Isaï a 10 ans lorsque sa mère meurt, la laissant seule pour affronter sa venimeuse tante cobra... Au cours de la crémation de sa mère, elle aperçoit un "opprimé", un hors-caste, qui ramasse respectueusement une fleur tombée du lit funéraire. Plus tard, alors que sa tante lui a rasé le crane sous un prétexte quelconque, elle devient son amie, se faisant passer pour un garçon. Mais tante cobra n'a pas fini de torturer Isaï et, pour rembourser l'emprunt du mariage de son fils, elle décide d'envoyer sa nièce travailler en ville chez un usurier ! Isaï y voit l'occasion de s'enfuir à Bombay où son père travaille... Elle réussit grâce à Murugan, le hors-caste devenu son ami qui, lui aussi souhaite tenter sa chance à la ville et n'accepte pas que les intouchables comme lui soient considérés comme des arriérés !

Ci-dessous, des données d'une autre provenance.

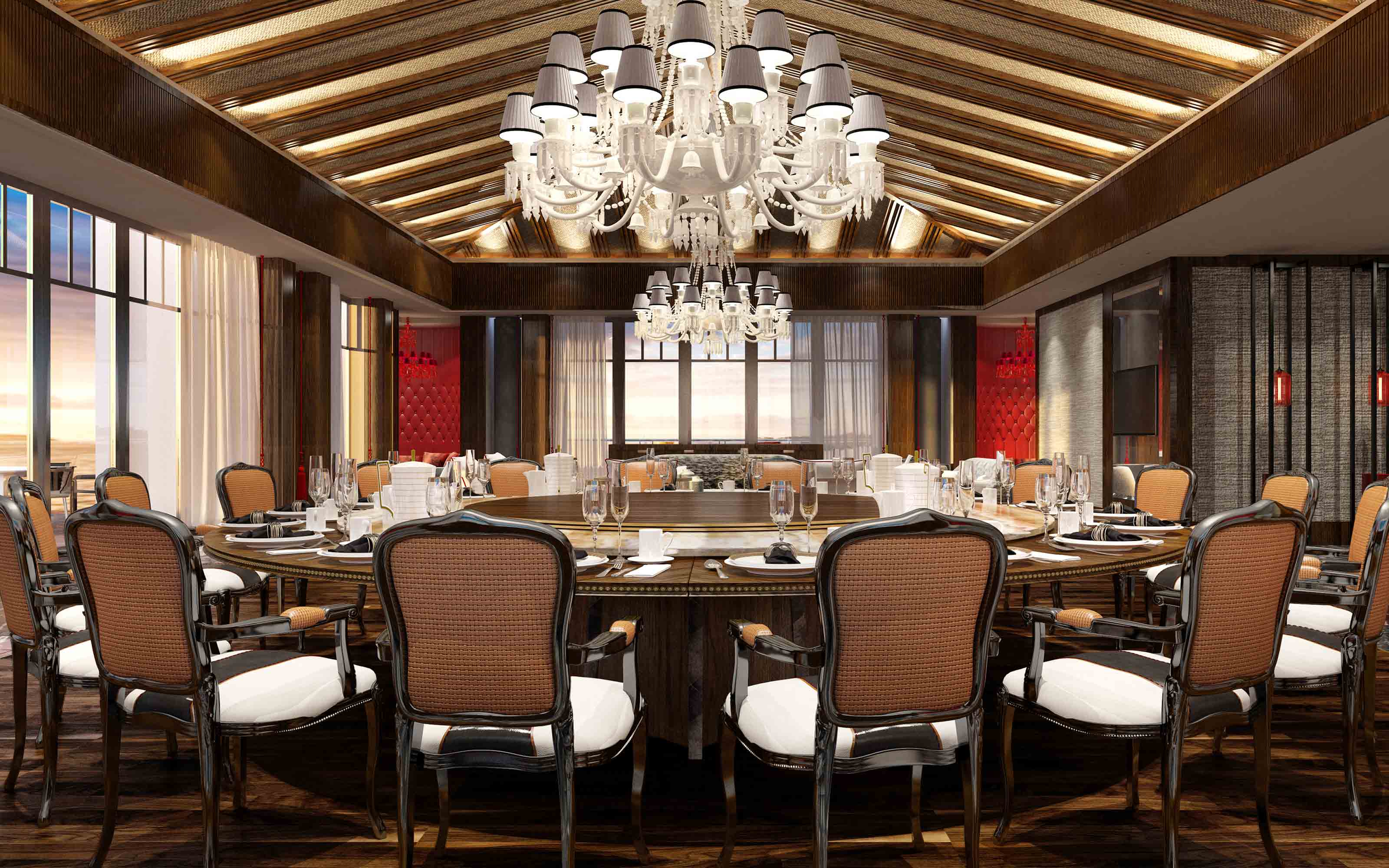Designed by Jean-Michel Gathy, who previously developed the award-winning One&Only Reethi Rah in the Maldives, the hotel is in line with the traditional Chinese architectural principle, ’round sky and squared earth, in harmony with nature’. This is evident in the lobby design which is shaped like a treasure basin with an indoor waterfall.

Les deux enfants partent donc vers Bombay sous l'aile bienveillante de Sarasvati, et leur route, semée d'embûches, leur dévoile l'Inde : unique, multiple, complexe, pauvre et belle !

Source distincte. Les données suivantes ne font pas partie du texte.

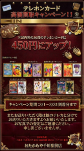 これらの人気作品デザインの50度数テレホンカードは、1枚450円で買取対応が行われます。ただし、保存状態(折れや汚れの有無など)により査定内容が変動する場合があるため、注意が必要です。
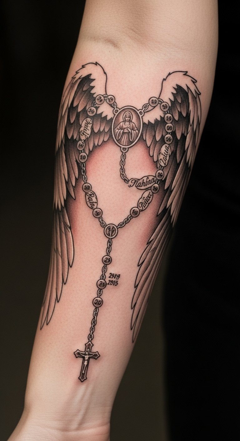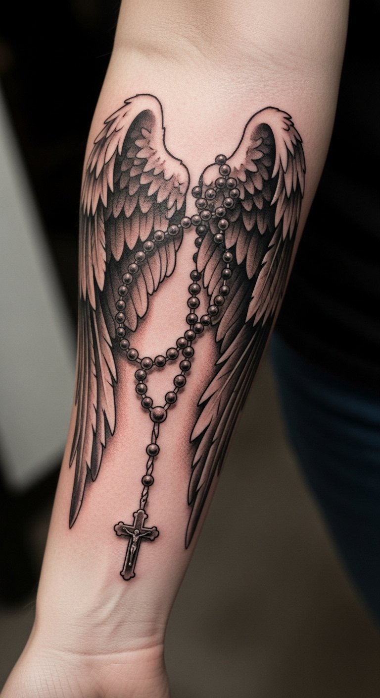 The tattoo symbolizes the divine connection between faith and protection, serving as a reminder of angelic guardianship.
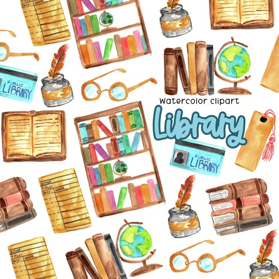 Clipart della biblioteca dell'acquerello, libreria del bibliotecario, grafica di ritorno a scuola in formato png per il download digitale per uso commerciale - Etsy Italia

C'est un voyage très instructif à travers l'Inde que nous propose Claire Ubac avec ce roman.
C'est tout d'abord un voyage géographique (si j'ose dire) à travers l'Inde et un dépaysement garanti avec les nombreuses descriptions des villes et villages traversés par nos deux jeunes protagonistes... Ainsi, débuté à Yamapuram dans l'état du Tamil Nadu dans le sud est de l'Inde, le périple d'Isaï et Murugan nous conduit à Madurai, puis à Kanyakumari, puis à Mysore dans l'état du Karnataka, puis à Bangalore, puis à Hampi pour finalement nous déposer à Bombay, capitale de l'état du Maharashtra, au centre ouest de l'Inde... de quoi découvrir de multiples paysages !
C'est ensuite un voyage spirituel avec l'évocation d'une panoplie de dieux et déesses hindous vénérés par nos deux jeunes héros qui ne manquent jamais d'aller faire leur puja dans les temples des lieux qu'ils traversent. Nous faisons ainsi la connaissance de Durga, Shiva, Kali, Parvati, Ganesh (Ganapati), Sarasvati, Lakchmi, et j'en oublie sans doute...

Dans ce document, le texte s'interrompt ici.